A subsetted scMinimal object.

Examples

cell_names <- colnames(test_container$scMinimal_full$count_data)
cells_sub <- sample(cell_names,40)
scMinimal <- subset_scMinimal(test_container$scMinimal_full,
cells_use=cells_sub)

Data container for testing tensor formation steps

Description

Data container for testing tensor formation steps

Usage

test_container

Format

An object of class environment of length 10.

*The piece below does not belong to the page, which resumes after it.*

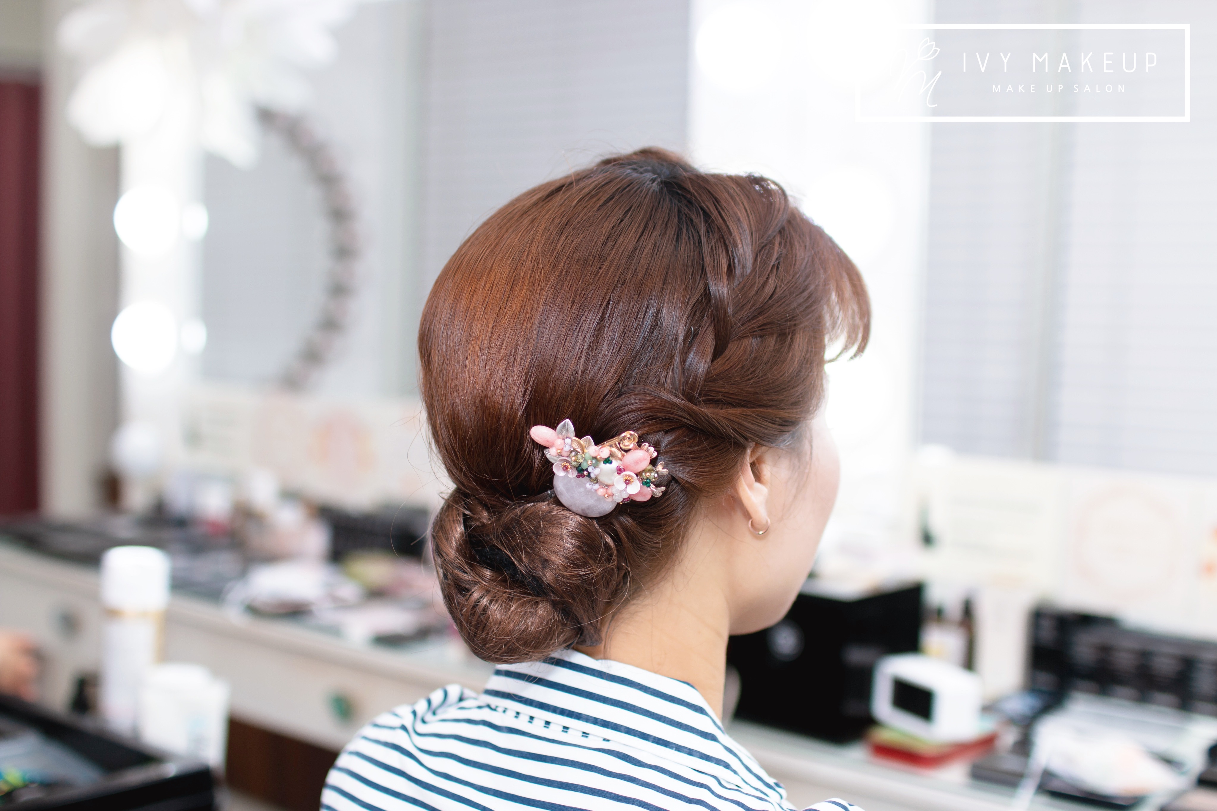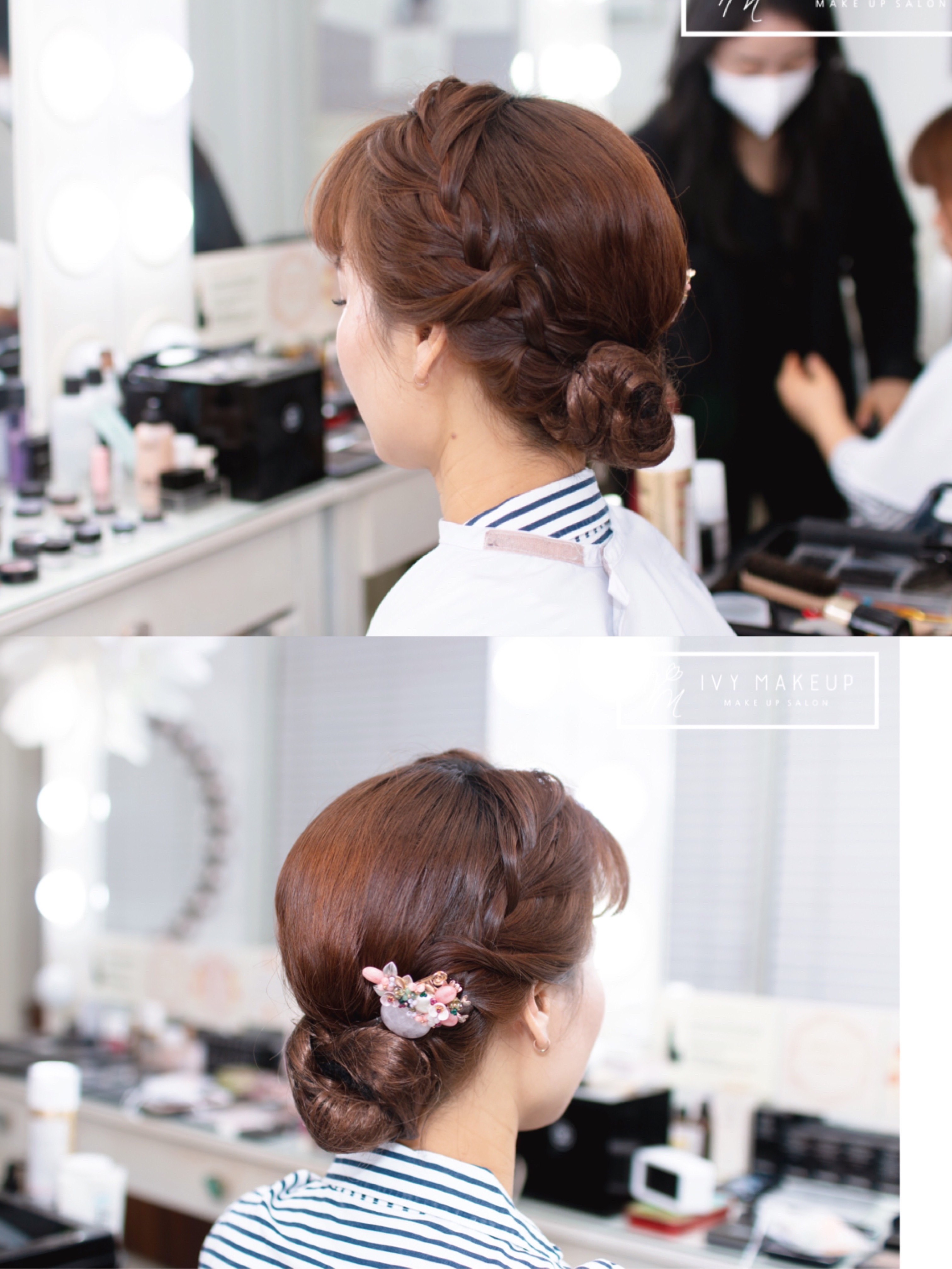 헤어 장식 코디로 아이비 메이크업이

Helper function for running the decomposition. Use the run_tucker_ica() wrapper function instead.

Description

Helper function for running the decomposition. Use the run_tucker_ica() wrapper function instead.

Usage

tucker_ica_helper(
  tensor_data,
  ranks,
  tucker_type,
  rotation_type,
  projection_container = NULL
)

Arguments

tensor_data

list The tensor data including donor, gene, and cell type labels as well as the tensor array itself

ranks

numeric The number of donor and gene factors respectively, to decompose to using Tucker decomposition.

tucker_type

character The 'regular' type is the only one currently implemented

rotation_type

character Set to 'hybrid' to optimize loadings via our hybrid method (see paper for details). Set to 'ica_dsc' to perform ICA rotation on resulting donor factor matrix. Set to 'ica_lds' to optimize loadings by the ICA rotation.

projection_container

environment A project container to store projection data in. Currently only implemented for 'hybrid' and 'ica_dsc' rotations. (default=NULL)

Value

The list of results for tucker decomposition with donor scores matrix in first element and loadings matrix in second element.


Update any of the experiment-wide parameters

Description

Update any of the experiment-wide parameters

Usage

update_params(container, ctypes_use = NULL, ncores = NULL, rand_seed = NULL)

Arguments

container

environment Project container that stores sub-containers for each cell type as well as results and plots from all analyses

ctypes_use

character Names of the cell types to use for the analysis (default=NULL)

ncores

numeric Number of cores to use (default=NULL)

rand_seed

numeric Random seed to use (default=NULL)

Value

The project container with updated experiment parameters in container$experiment_params.

Examples

test_container <- update_params(test_container, ncores=1)

Compute significantly variable genes via anova. Generally, this should be done through calling the form_tensor() wrapper function.

Description

Compute significantly variable genes via anova. Generally, this should be done through calling the form_tensor() wrapper function.

Usage

vargenes_anova(scMinimal, ncores)

Arguments

scMinimal

environment A sub-container for the project typically consisting of gene expression data in its raw and processed forms

ncores

numeric Number of cores to use

Value

A list of raw p-values for each gene.